Jan. 11 (Bloomberg) -- Honda Motor Co., Japan’s second-largest carmaker by market value, said it will eliminate as many as 800 jobs in the U.K. this year as the European auto market may shrink for the sixth year in a row.
The manufacturer will start talks with labor representatives for the cutbacks, which it plans to implement by about the second quarter, Tokyo-based Honda said today in an e-mailed statement. The company’s plant in Swindon, England, has a workforce of 3,500 people, said Fiona Cole, a spokeswoman.
“These conditions of sustained low industry demand require us to take difficult decisions,” Ken Keir, executive vice president of Honda Motor Europe, said in the statement. “We are setting the business constitution at the right level to ensure long-term stability and security.”

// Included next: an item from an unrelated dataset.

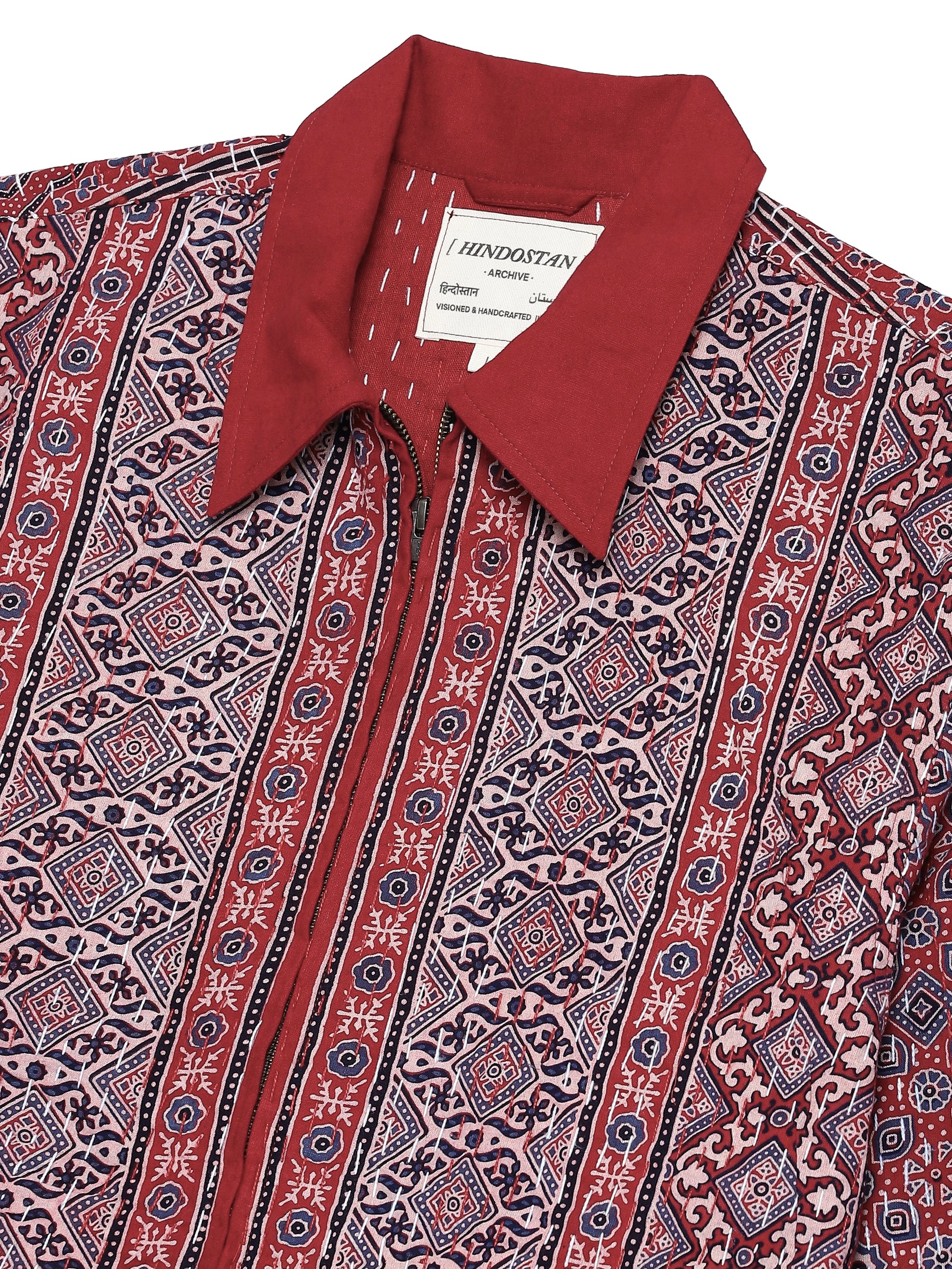 Ajrakh hand-block printed with natural dyes and Kantha embroidery hand-stitched throughout.

Car sales across Europe are declining as unemployment and a recession in the countries using the euro discourage consumers from making large purchases. PSA Peugeot Citroen, Europe’s second-biggest carmaker, forecast on Jan. 9 that the market will shrink by as much as 5 percent this year.
Among Japan’s three biggest carmakers, Honda is the least reliant on Europe, with the region accounting for only about 7 percent of total revenue, compared with about 11 percent at Toyota Motor Corp. and 15 percent at Nissan Motor Co., according to estimates at BNP Paribas SA.
Honda’s 11-month sales in Europe fell 6.2 percent from a year earlier to 131,348 vehicles, propelled by a 15 percent drop in November. That compares with a 7.2 percent industrywide contraction in the period to 11.7 million cars, according to the European Automobile Manufacturers’ Association.